> Exercise
For this task, output exactly the lines of the material below starting at the line with "LCD元件,手提電腦L CD" and ending at the line with "C++の文法の基礎、およびC"; pictures are to be excluded.

> Record excerpts
--------------------

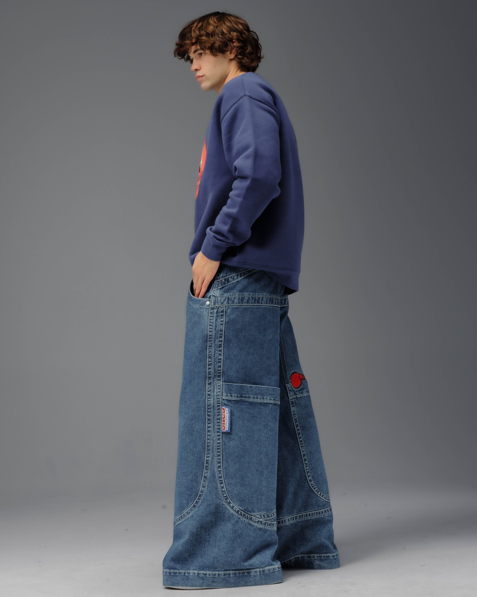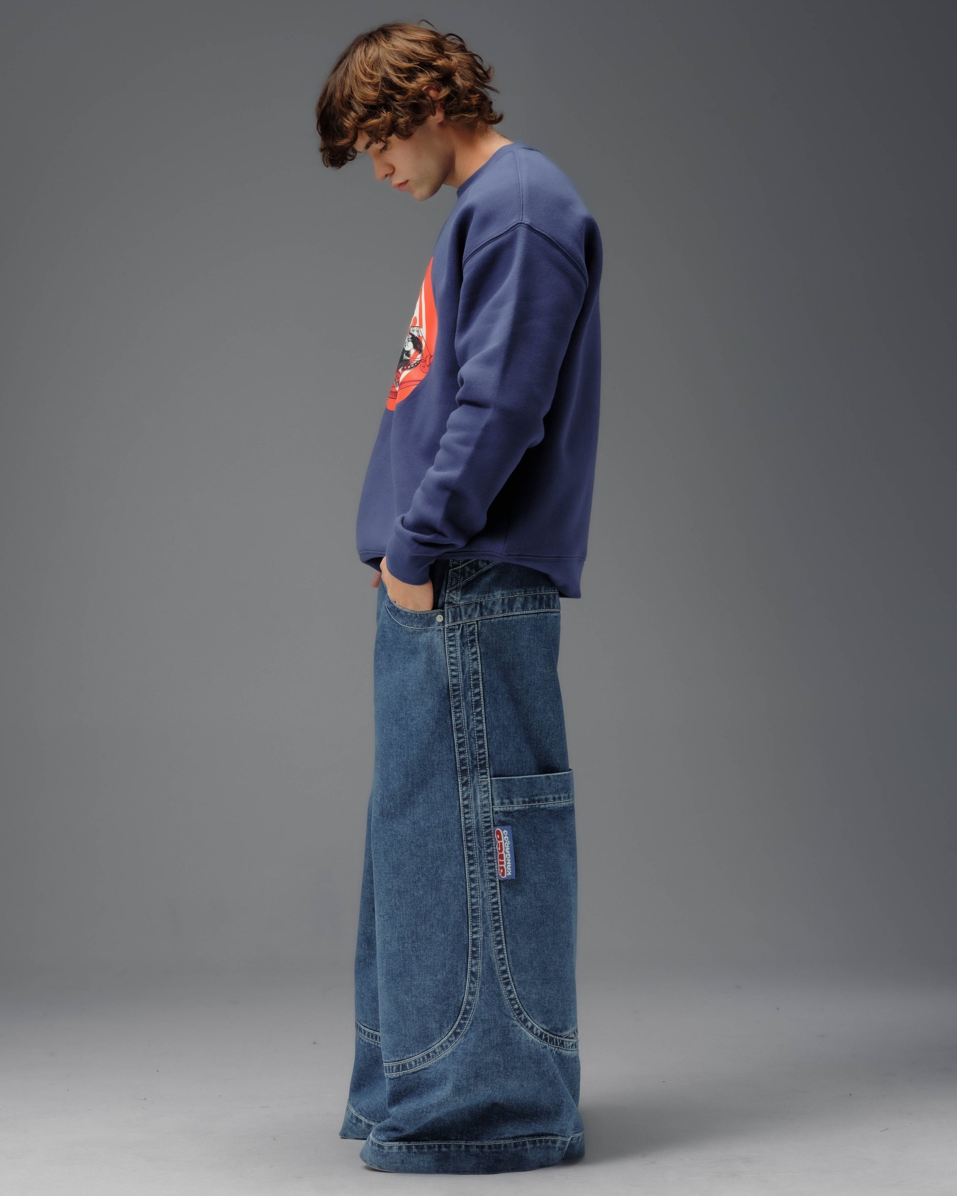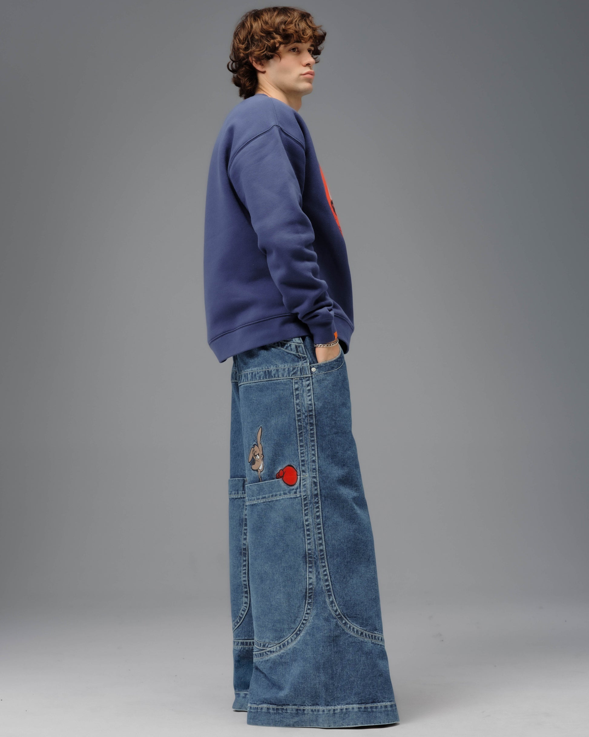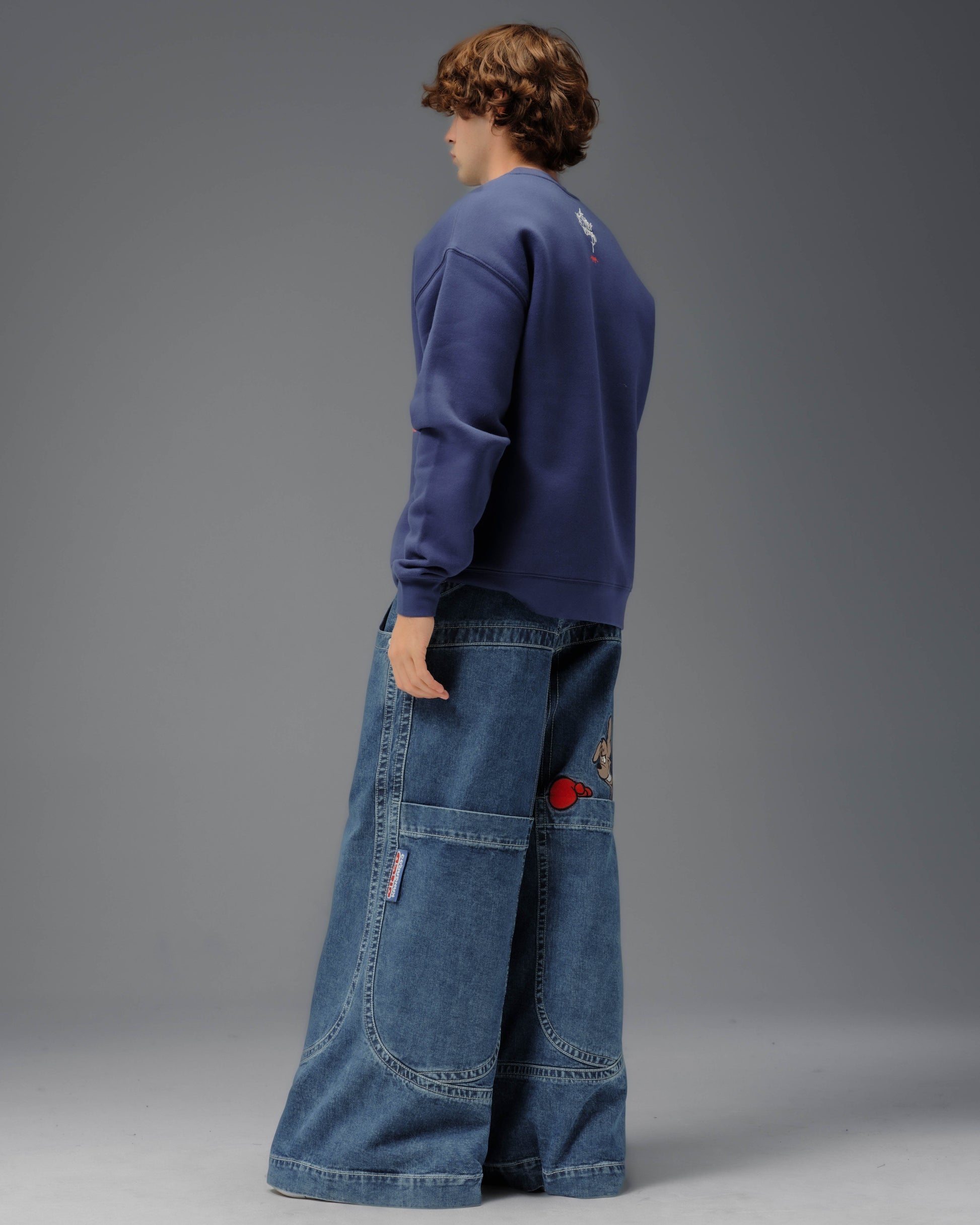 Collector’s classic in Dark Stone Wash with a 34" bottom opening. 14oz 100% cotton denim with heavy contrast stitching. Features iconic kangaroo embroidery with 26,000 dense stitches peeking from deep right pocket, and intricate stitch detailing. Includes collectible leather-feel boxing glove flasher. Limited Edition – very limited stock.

--------------------

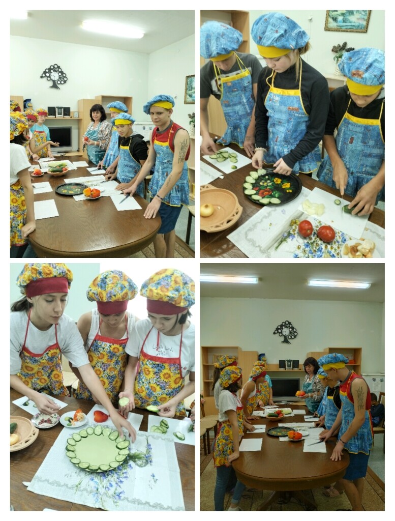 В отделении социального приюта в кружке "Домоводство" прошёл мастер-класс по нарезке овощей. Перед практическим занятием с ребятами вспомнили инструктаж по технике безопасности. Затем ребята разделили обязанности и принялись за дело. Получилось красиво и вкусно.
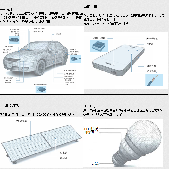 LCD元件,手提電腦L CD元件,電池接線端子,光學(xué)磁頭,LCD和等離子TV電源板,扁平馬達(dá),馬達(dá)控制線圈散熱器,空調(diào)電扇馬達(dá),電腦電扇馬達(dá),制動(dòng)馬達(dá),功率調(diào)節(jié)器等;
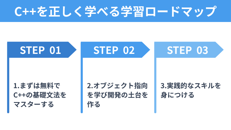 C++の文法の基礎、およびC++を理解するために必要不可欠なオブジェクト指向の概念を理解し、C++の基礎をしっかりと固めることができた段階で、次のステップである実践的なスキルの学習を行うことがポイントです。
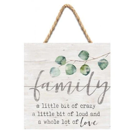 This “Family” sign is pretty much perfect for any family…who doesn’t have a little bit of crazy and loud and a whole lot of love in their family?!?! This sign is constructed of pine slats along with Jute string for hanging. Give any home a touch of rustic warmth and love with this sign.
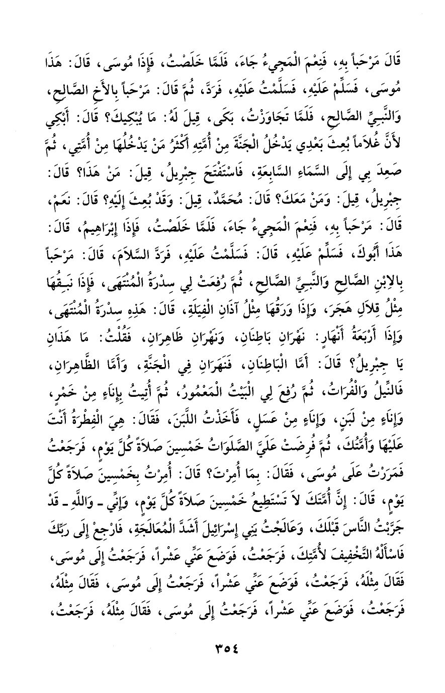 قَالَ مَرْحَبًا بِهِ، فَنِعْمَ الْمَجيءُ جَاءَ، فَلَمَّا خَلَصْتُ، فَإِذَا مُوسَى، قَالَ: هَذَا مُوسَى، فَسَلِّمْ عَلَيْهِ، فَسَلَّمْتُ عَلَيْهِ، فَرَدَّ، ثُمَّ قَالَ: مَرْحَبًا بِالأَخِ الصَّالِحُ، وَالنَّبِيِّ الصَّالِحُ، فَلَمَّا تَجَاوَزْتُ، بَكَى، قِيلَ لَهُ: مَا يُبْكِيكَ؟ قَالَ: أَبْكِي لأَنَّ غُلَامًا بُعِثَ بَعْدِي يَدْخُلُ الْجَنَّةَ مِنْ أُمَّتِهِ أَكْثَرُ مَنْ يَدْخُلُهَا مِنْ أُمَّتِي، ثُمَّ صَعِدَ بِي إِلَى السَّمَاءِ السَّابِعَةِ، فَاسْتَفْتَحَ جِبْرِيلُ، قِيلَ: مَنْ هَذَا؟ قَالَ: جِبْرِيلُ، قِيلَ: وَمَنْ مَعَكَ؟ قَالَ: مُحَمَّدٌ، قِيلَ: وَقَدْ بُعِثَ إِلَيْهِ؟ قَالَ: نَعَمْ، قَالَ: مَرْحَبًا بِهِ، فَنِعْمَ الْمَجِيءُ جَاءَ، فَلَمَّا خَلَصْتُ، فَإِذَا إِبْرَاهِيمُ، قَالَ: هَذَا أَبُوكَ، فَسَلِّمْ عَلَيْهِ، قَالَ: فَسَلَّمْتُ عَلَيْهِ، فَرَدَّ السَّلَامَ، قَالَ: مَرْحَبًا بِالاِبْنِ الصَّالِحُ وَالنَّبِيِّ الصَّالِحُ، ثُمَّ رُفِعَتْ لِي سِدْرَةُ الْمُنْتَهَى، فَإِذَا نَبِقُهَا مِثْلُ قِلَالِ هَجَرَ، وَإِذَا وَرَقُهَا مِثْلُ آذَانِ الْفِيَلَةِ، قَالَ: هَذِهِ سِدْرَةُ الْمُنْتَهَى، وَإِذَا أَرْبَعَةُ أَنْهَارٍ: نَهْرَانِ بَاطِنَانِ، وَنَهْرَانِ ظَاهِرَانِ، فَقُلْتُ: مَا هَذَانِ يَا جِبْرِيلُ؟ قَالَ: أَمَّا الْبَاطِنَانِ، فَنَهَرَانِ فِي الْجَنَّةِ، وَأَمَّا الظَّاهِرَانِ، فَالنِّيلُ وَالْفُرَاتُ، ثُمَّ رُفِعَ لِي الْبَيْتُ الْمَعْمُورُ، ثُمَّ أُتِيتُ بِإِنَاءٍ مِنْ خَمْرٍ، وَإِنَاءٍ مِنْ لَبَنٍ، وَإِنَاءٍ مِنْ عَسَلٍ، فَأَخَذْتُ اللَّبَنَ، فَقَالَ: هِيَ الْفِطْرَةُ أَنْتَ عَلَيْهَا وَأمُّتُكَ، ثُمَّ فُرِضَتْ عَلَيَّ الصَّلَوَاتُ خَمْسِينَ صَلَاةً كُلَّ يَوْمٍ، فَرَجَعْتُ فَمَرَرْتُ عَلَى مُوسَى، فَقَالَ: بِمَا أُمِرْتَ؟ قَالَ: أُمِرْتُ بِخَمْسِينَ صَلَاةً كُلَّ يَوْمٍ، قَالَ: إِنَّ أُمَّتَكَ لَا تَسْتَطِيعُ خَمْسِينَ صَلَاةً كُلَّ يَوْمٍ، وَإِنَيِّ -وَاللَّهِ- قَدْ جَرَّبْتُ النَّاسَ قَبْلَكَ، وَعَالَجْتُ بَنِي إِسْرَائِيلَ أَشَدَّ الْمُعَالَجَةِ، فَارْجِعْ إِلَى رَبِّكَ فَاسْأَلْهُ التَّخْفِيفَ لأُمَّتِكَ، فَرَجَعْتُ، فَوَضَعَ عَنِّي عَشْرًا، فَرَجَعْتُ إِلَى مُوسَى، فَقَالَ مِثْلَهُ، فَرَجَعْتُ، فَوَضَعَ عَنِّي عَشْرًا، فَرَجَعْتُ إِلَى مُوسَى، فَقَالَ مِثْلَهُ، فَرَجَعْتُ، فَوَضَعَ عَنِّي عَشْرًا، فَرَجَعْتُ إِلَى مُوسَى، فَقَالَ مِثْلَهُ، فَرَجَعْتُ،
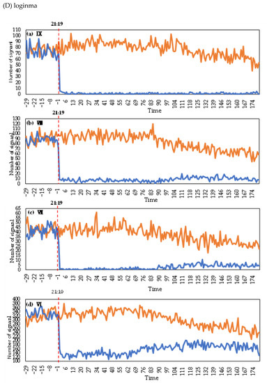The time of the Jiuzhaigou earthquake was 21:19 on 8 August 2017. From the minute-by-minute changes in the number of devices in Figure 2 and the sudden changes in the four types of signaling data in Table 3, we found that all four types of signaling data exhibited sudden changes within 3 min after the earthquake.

--------------------

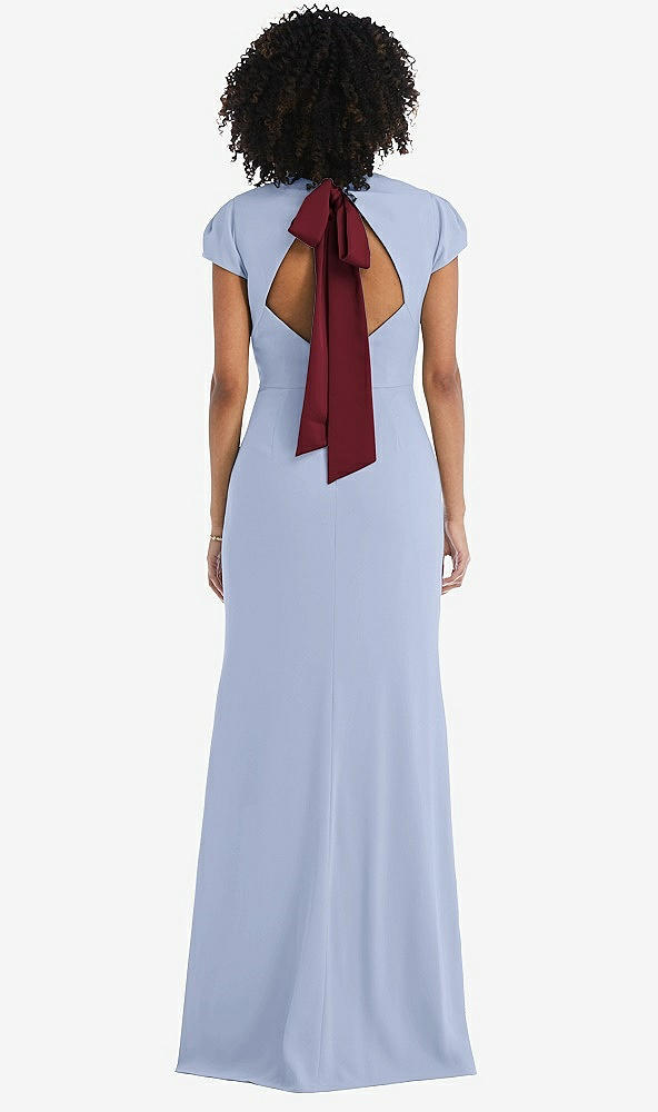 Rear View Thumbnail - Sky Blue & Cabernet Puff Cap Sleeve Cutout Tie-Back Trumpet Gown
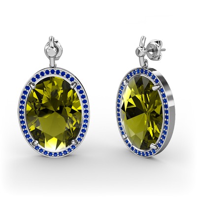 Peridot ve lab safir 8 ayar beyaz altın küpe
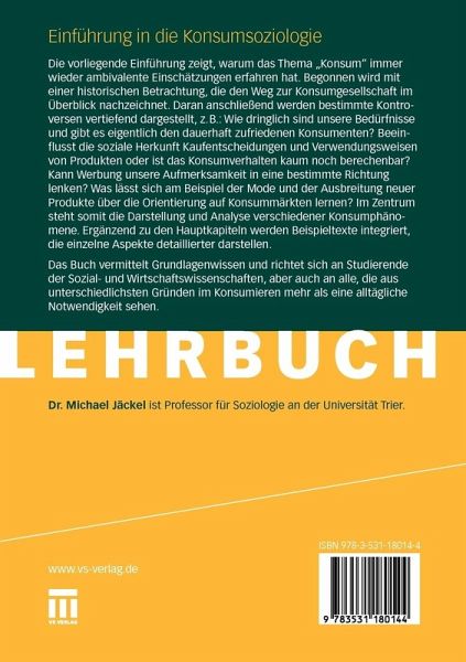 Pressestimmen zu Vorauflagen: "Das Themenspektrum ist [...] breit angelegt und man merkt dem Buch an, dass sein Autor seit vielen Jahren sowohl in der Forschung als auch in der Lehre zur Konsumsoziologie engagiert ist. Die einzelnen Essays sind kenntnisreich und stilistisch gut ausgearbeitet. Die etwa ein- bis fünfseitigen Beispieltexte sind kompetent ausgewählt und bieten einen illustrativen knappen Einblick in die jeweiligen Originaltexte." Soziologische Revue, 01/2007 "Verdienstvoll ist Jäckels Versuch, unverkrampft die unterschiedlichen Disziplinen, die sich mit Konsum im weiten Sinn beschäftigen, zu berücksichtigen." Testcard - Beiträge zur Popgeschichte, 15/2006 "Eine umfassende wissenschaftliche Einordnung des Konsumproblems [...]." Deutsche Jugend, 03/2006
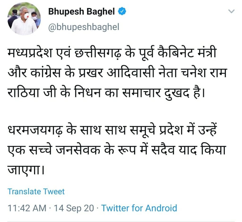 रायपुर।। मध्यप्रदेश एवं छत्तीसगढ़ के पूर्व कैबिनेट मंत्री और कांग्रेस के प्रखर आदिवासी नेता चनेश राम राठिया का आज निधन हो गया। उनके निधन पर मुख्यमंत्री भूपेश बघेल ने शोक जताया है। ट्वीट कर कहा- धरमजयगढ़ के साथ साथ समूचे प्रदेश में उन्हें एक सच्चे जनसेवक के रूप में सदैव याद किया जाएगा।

--------------------

> Result for this task
 LCD元件,手提電腦L CD元件,電池接線端子,光學(xué)磁頭,LCD和等離子TV電源板,扁平馬達(dá),馬達(dá)控制線圈散熱器,空調(diào)電扇馬達(dá),電腦電扇馬達(dá),制動(dòng)馬達(dá),功率調(diào)節(jié)器等;
 C++の文法の基礎、およびC++を理解するために必要不可欠なオブジェクト指向の概念を理解し、C++の基礎をしっかりと固めることができた段階で、次のステップである実践的なスキルの学習を行うことがポイントです。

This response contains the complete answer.